◆ Task details ◆
From the records below, please print only the lines from the one containing "- Syrop na bazie" through the one containing "Importante: Caso você", both included. Skip the pictures.

◆ Input material ◆

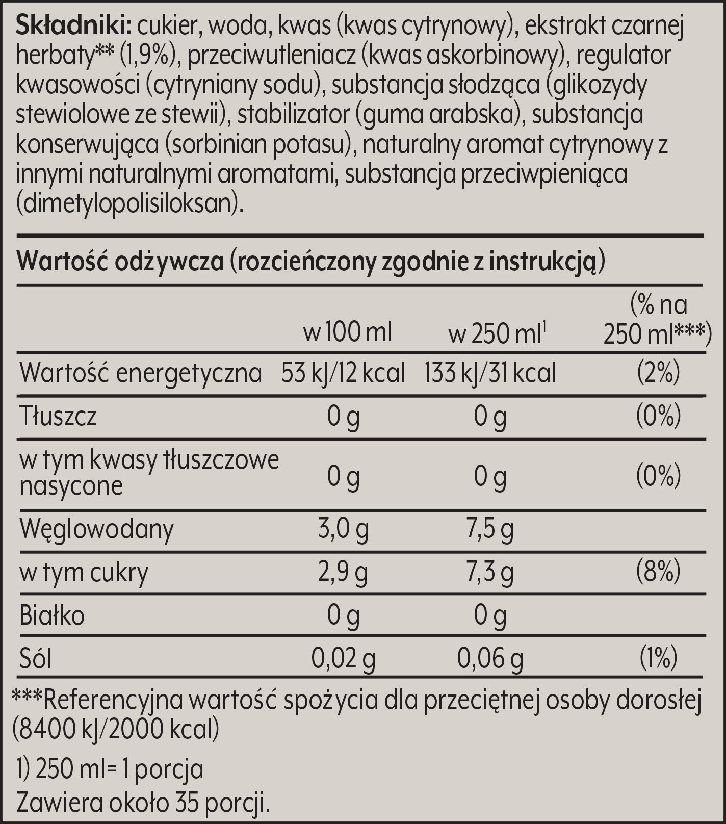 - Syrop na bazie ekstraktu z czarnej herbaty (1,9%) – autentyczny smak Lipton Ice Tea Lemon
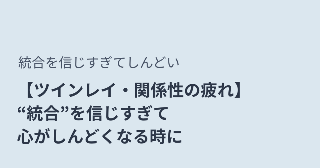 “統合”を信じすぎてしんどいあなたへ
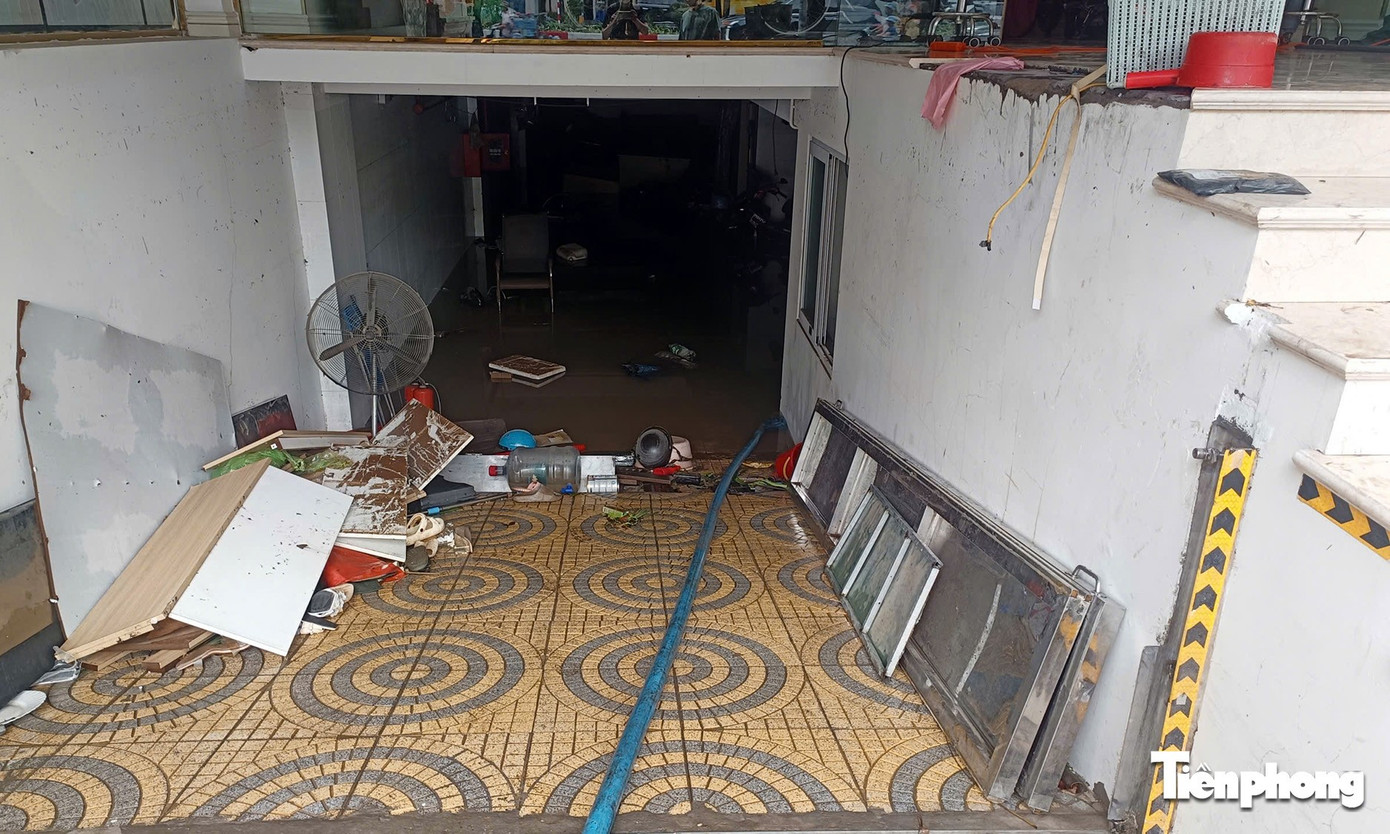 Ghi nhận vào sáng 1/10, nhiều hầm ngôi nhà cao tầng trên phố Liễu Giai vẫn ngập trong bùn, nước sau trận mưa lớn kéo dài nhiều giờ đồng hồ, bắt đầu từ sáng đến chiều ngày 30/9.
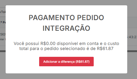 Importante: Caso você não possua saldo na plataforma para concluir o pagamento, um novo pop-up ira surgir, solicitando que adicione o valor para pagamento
...
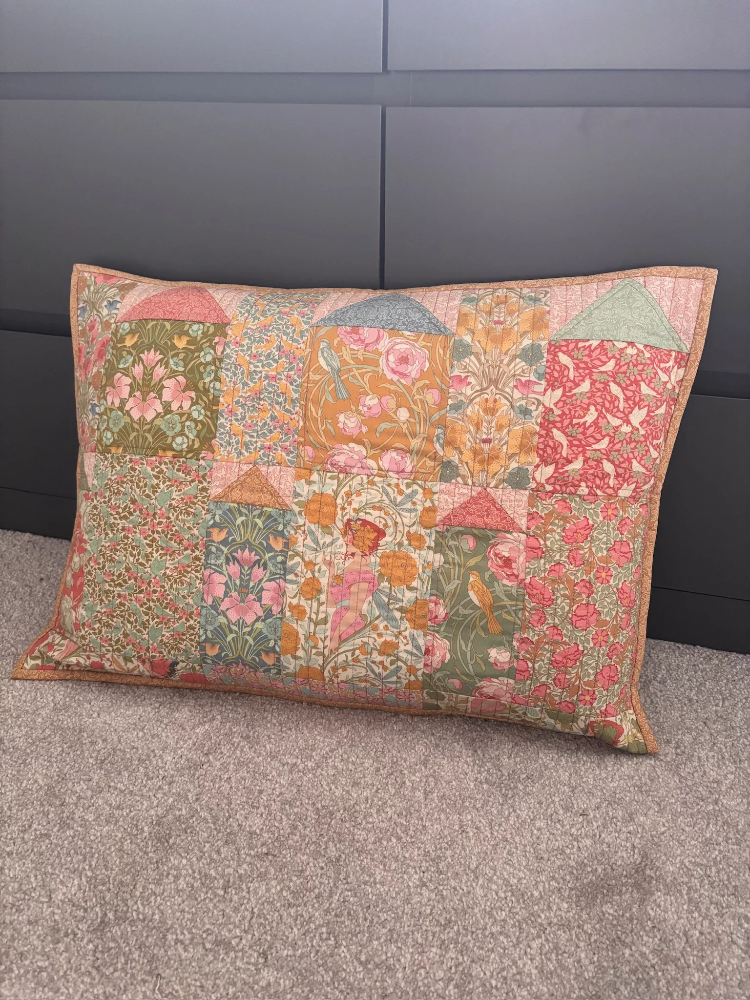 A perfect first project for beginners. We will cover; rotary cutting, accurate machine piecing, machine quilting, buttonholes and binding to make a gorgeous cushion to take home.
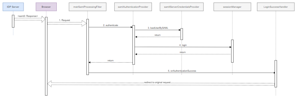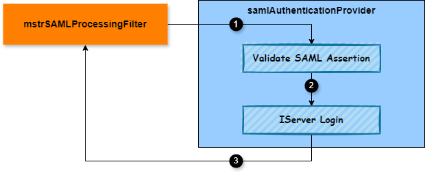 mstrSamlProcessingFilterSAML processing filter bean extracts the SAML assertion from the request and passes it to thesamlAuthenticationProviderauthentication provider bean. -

◆ Task response ◆
 - Syrop na bazie ekstraktu z czarnej herbaty (1,9%) – autentyczny smak Lipton Ice Tea Lemon
 “統合”を信じすぎてしんどいあなたへ
 Ghi nhận vào sáng 1/10, nhiều hầm ngôi nhà cao tầng trên phố Liễu Giai vẫn ngập trong bùn, nước sau trận mưa lớn kéo dài nhiều giờ đồng hồ, bắt đầu từ sáng đến chiều ngày 30/9.
 Importante: Caso você não possua saldo na plataforma para concluir o pagamento, um novo pop-up ira surgir, solicitando que adicione o valor para pagamento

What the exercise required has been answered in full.